How to complete this task:
From the material below, reproduce exactly the stretch of lines that begins with the line holding "2022上册六年级英语科普版 专项6 补全短文与书面表达" and ends with the line holding "- Bên sườn ghế", skipping the pictures.

━━━ Records provided ━━━

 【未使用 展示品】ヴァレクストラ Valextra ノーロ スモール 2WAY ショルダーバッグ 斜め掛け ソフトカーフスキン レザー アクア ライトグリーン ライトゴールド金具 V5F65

━━━
━━━ Records provided ━━━

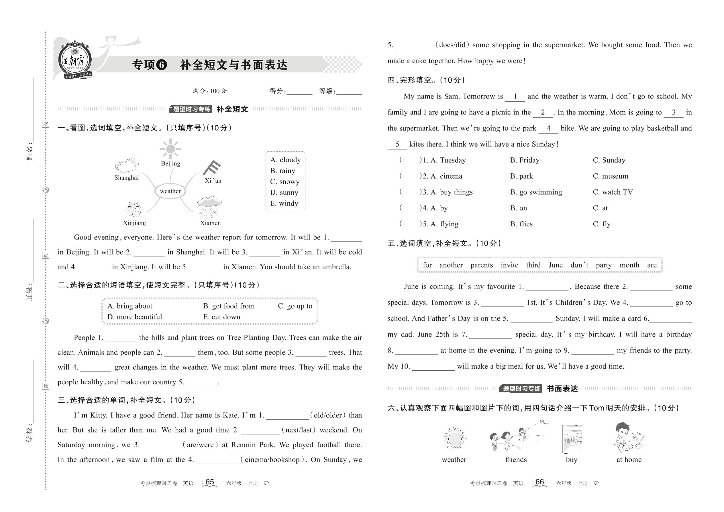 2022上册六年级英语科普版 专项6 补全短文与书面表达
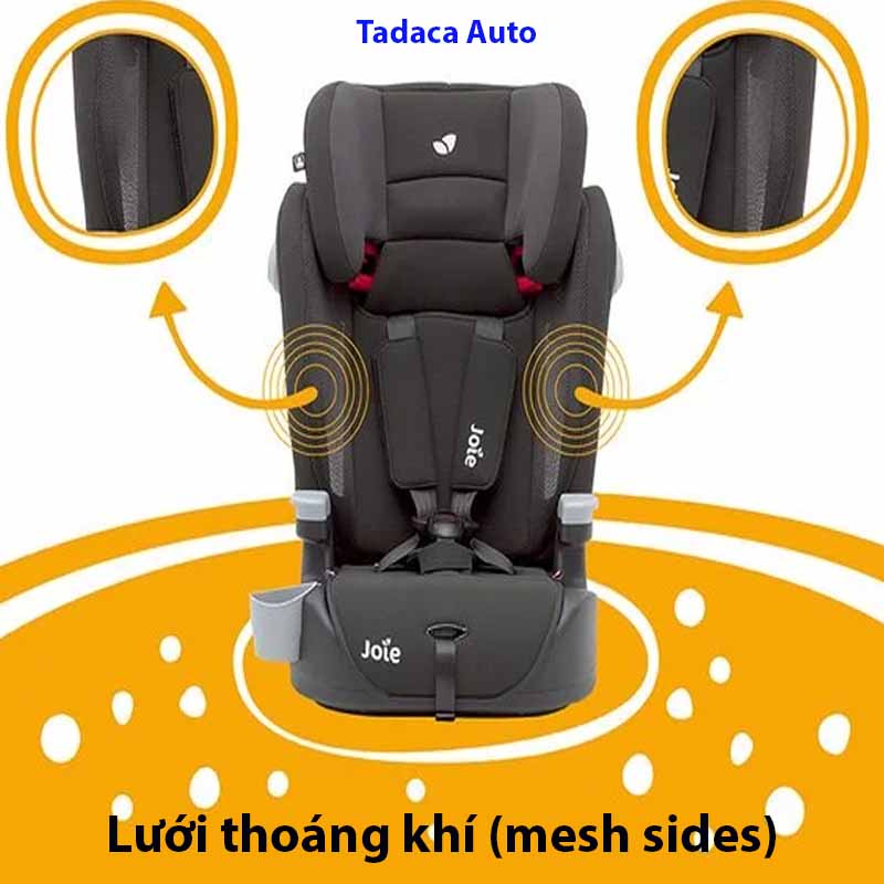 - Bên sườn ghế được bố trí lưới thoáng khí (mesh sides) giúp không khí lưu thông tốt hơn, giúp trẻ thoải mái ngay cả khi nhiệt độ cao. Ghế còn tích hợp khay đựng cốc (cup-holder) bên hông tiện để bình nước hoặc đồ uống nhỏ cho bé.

━━━

Response to this exercise:
 2022上册六年级英语科普版 专项6 补全短文与书面表达
 - Bên sườn ghế được bố trí lưới thoáng khí (mesh sides) giúp không khí lưu thông tốt hơn, giúp trẻ thoải mái ngay cả khi nhiệt độ cao. Ghế còn tích hợp khay đựng cốc (cup-holder) bên hông tiện để bình nước hoặc đồ uống nhỏ cho bé.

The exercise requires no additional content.